▶ _Supplied material_:
□ □ □ □ □ □ □

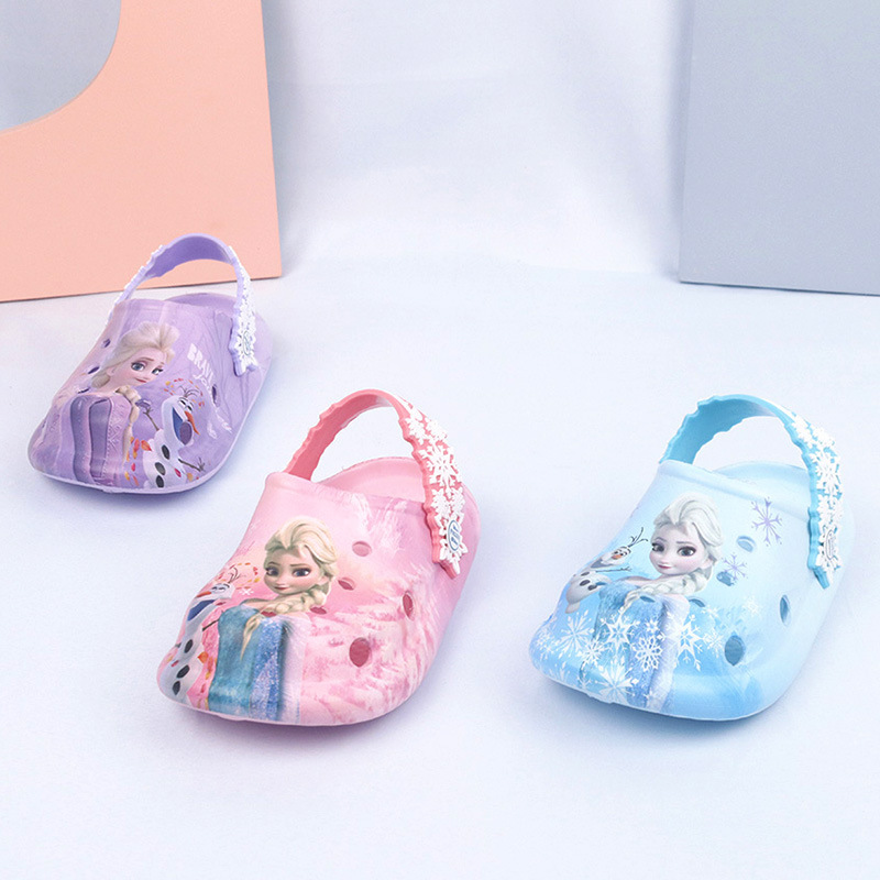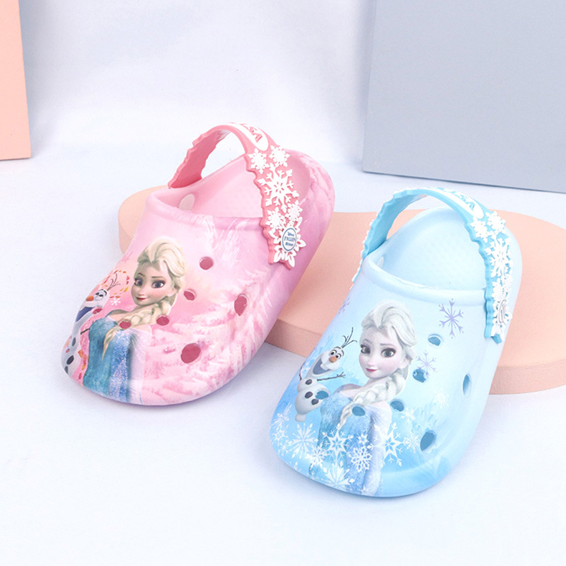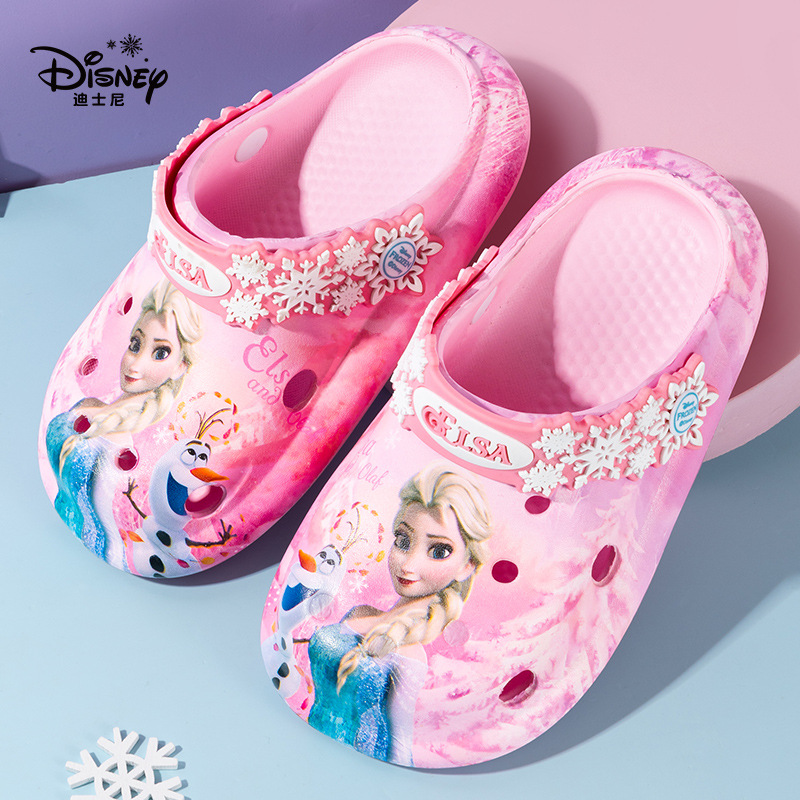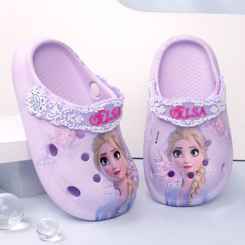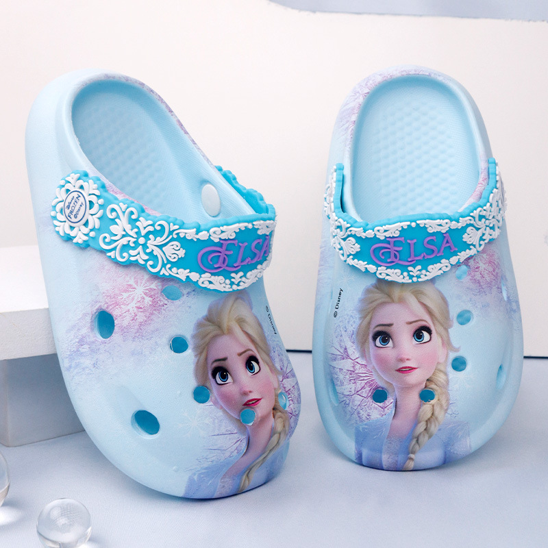 디즈니 어린이용 구멍구멍 슬리퍼 여아용 엘사 공주 귀여운 비치 샌들 미끄럼 방지 EVA 경량 원피스 슬리퍼
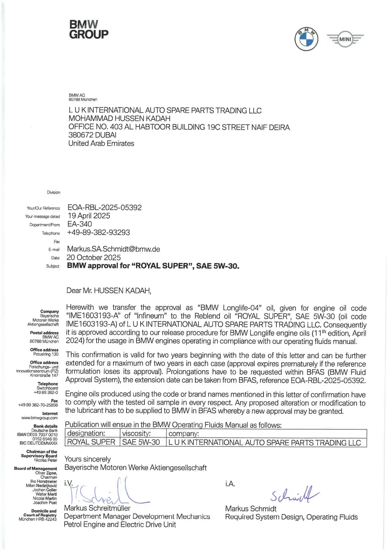 BMW approval
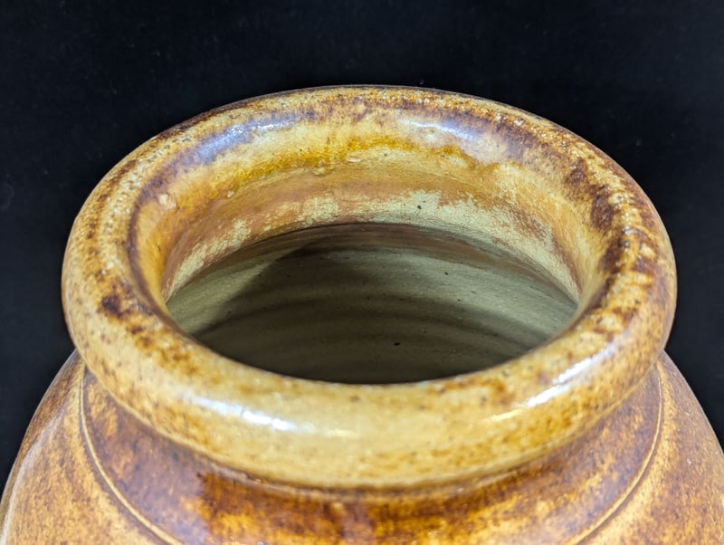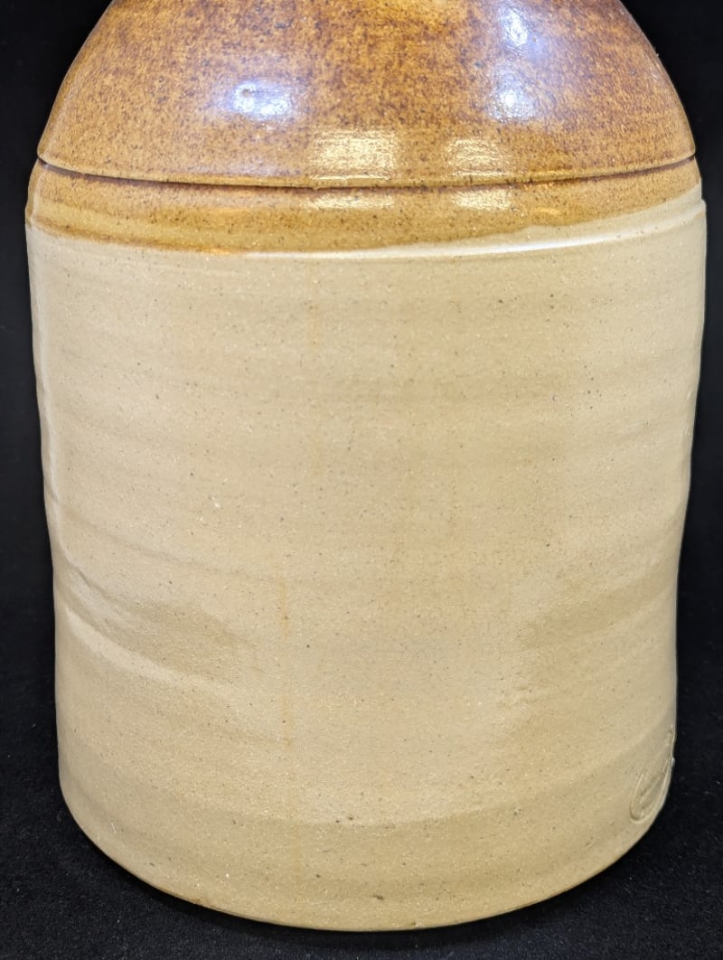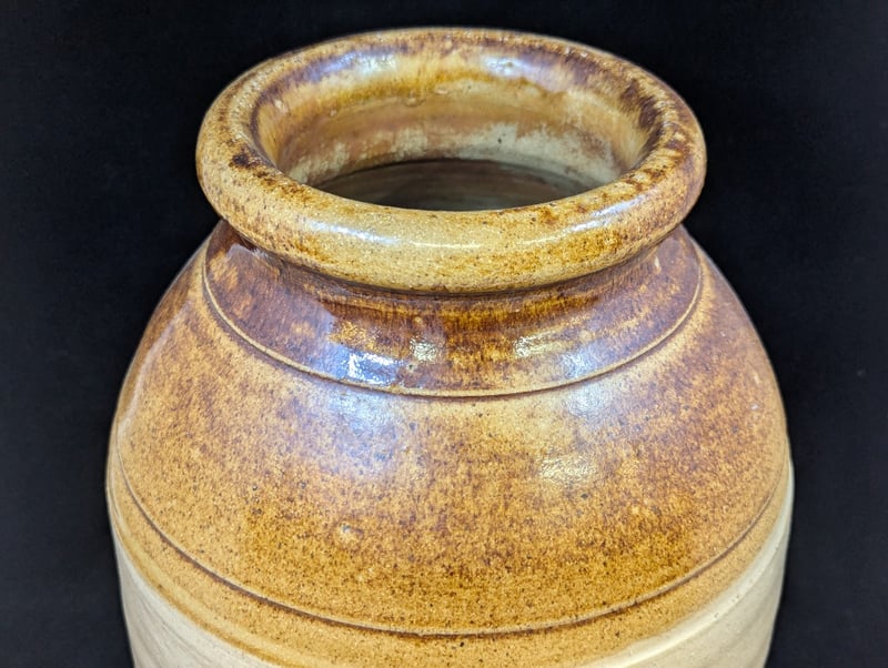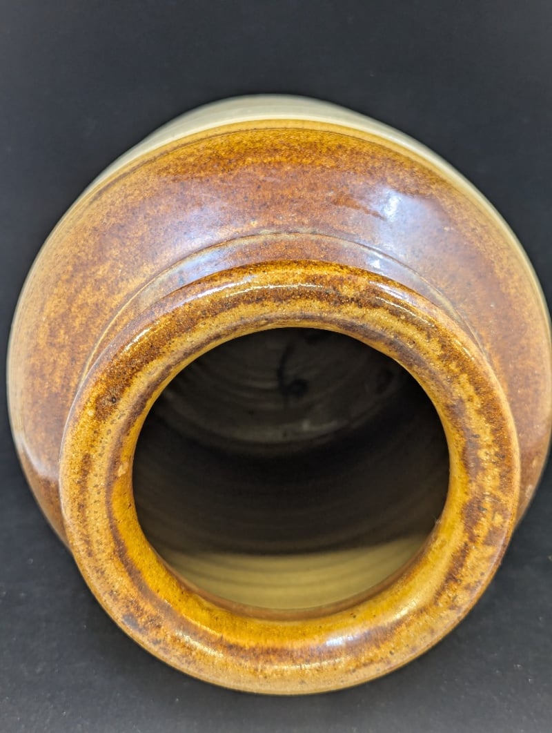POTTERY JAR Item Size: Height: 36cm, Width: 25cm, Depth: 25cm Coffee Colour And Beige Exterior Condition: Good - Refer To Images 584943+2
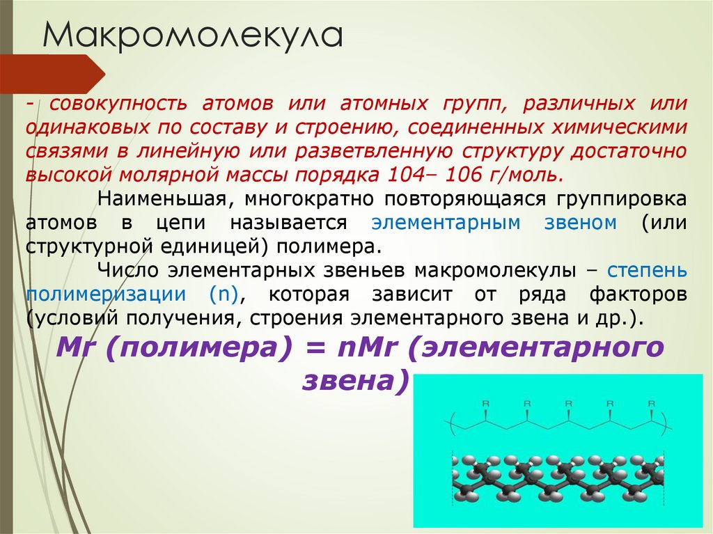 Макромолекула- совокупность атомов или атомных групп, различных или

□ □ □ □ □ □ □

▶ _Assignment_: Reproduce, unchanged, each line between the one with "BMW approval" and the last line of the material, both included; the pictures do not go in.

▶ _Written solution_:
 BMW approval
POTTERY JAR Item Size: Height: 36cm, Width: 25cm, Depth: 25cm Coffee Colour And Beige Exterior Condition: Good - Refer To Images 584943+2
 Макромолекула- совокупность атомов или атомных групп, различных или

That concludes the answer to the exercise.